OK, so it’s not exactly earth-shattering news that America’s prison system is problematic and that “Texas justice” is an oxymoron. But this year brought a new impetus for action, partly due to new numbers (the widely reported stat that 1% of America’s population is incarcerated), legislative action (Obama’s plan to combat prison rape, scorchingly reported in the New York Review of Books) and, qualitatively but no less essentially, longform pieces like Gopnik’s and Colloff’s.

People are always quoting the MLK-via-Obama line “The arc of history is long, but it bends toward justice,” and articles like these—one a macro view of the problem, one micro—is what that bend looks like.

“Does Mitt Romney Have a Soul?” Wells Tower, GQ

It’s easy now to forget that this was an election year, and that we spent basically all of it squabbling, speculating and pontificating about its outcome, which we now say we knew all along.

Most election reporting is disposable, either gaffe play-by-plays (“Binders Full of Women: Interactive Timeline”), instantly obsolete hypotheticals (What if Romney picks Christie for VP?) or politically orchestrated profiles (“Obama’s audacious plan to save the middle class from Libyan airstrikes”). If you remember these articles past ctrl+w, it’s only until events catch up, and then they poof out of your consciousness forever.

Towers’s Romney profile is one of the few still worth reading after the election. Nominally a standard “let’s hang out in the campaign bus!” piece, it transcends its premise by capturing the conflicting forces tugging at the hem of the Republican party, and how Romney’s sheer empty-vesselness managed to please, and displease, everyone at once.

“Gangnam Style, Dissected: The Subversive Message Within South Korea’s Music Video Sensation,” Max Fisher, The Atlantic

Maybe it’s just the ubiquity of its subject, now the most-viewed-ever video on YouTube, but no article stuck with me this year quite like Fisher’s. In a culture that strains to call itself postracial, sharing “Gangnam Style” on Twitter and Facebook was a safe, quiet way to shout ‘look how weird Koreans are!’ and invite your friends to gawk alongside you.

According to Fisher, “Gangnam” isn’t an expression of Korean culture, but a satire of it. Psy was saying the same thing we spectators were, only in a visual language (and, obviously, a verbal one) we couldn’t understand.
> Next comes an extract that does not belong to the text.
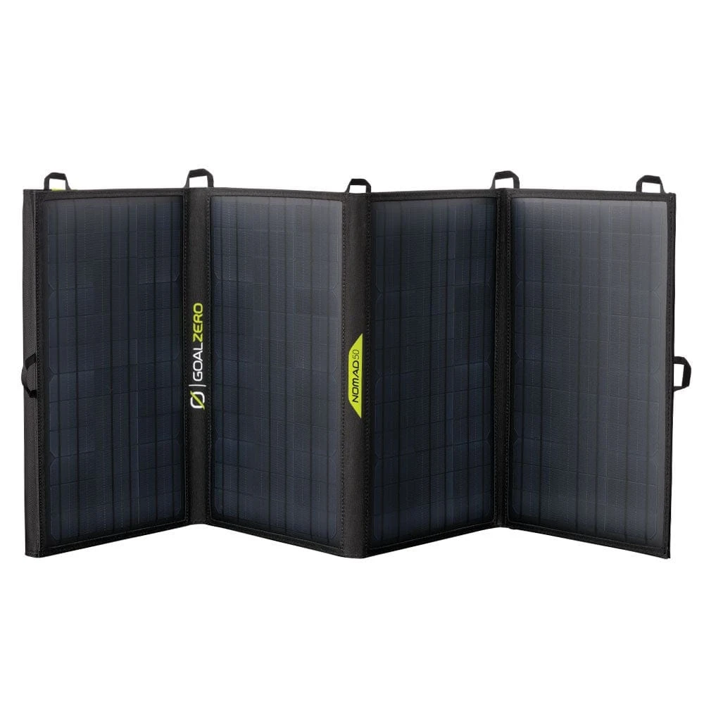 Built tough for mobile base camps and off-grid adventures, the Nomad 50 is perfect for longer trips when you need more power without sacrificing packability. The versatile four-panel design makes it easy to unfold and collect solar power while stationary, then quickly pack away in tight spaces in your vehicle while traveling. Pair with a Yeti Power Station to keep laptops charged, run portable fridges, and power essential electronics.
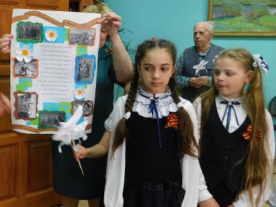 В конце своих выступлений юные артисты подарили каждому присутствующему белого голубя-символ мира, и плакат с военными фото и стихами, сделанные своими руками. Мы же в свою очередь порадовали их сладостями.

He was laughing at his culture too, he just had no idea how easy it was to get the rest of the world to join him.

“The Truck Stop Killer,” Vanessa Veselka, GQ

It’s all in the execution, they say, and nothing demonstrated that this year better than Veselka’s harrowing investigation into whether the guy who kidnapped and then released her on the side of the road in 1985 was a serial killer.

She never finds the answer to her question. But who cares! It’s a great piece, super interesting, suspenseful, creepy, introspective in all the right places. We all know that compelling stories don’t always need happy endings. In this case, it doesn’t need one at all.
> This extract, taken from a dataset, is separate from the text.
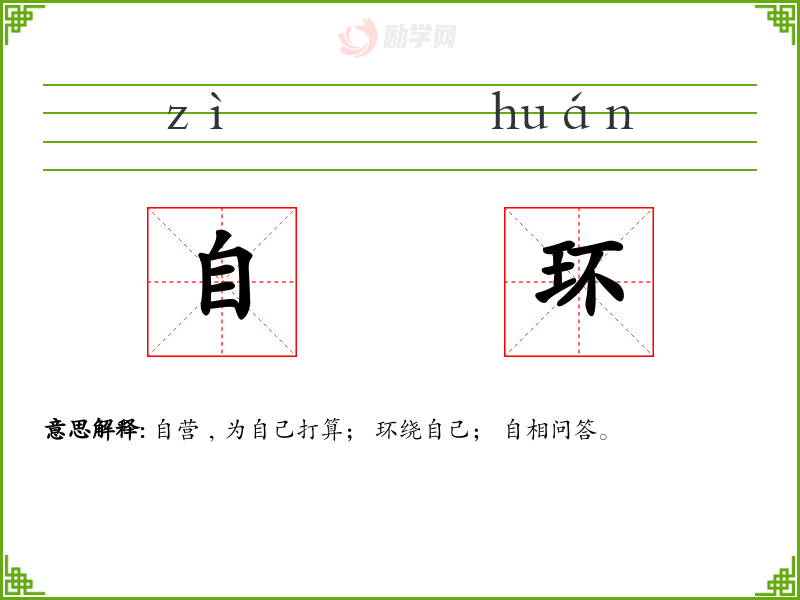 自环的意思是:自营﹐为自己打算; 环绕自己; 自相问答。

“The Bloody Patent Battle Over A Healing Machine,” Ken Otterbourg, Fortune

and

“How the U.S. Lost Out on iPhone Work,” Charles Duhigg and Keith Bradsher, New York Times

I admit it: I have no idea how the international economy works. I used to feel about this the way I feel about not being able to describe asexual reproduction, or the Spanish Civil War, or how to grow tomatoes. I can see why somebody’s got to do it, I just can’t see why it’s got to be me.
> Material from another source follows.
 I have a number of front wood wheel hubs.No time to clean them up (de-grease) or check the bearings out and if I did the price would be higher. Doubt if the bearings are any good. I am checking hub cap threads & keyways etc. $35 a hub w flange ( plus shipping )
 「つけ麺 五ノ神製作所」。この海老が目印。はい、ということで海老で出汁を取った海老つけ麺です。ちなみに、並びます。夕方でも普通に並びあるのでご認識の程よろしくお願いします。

Since the 2008 crash, though, knowledge of economics has gone from nice to have to can’t miss, and things like competitiveness, productivity and efficiency have taken a place in politics previously reserved for life-and-deathers like sports doping and the Ground Zero Mosque.

Patent trolling and outsourced manufacturing aren’t the only issues facing the US economy, of course, but both these articles demonstrate how businesses, governments and consumers have made the wrong thing too easy, and how the hard thing might not be the way back.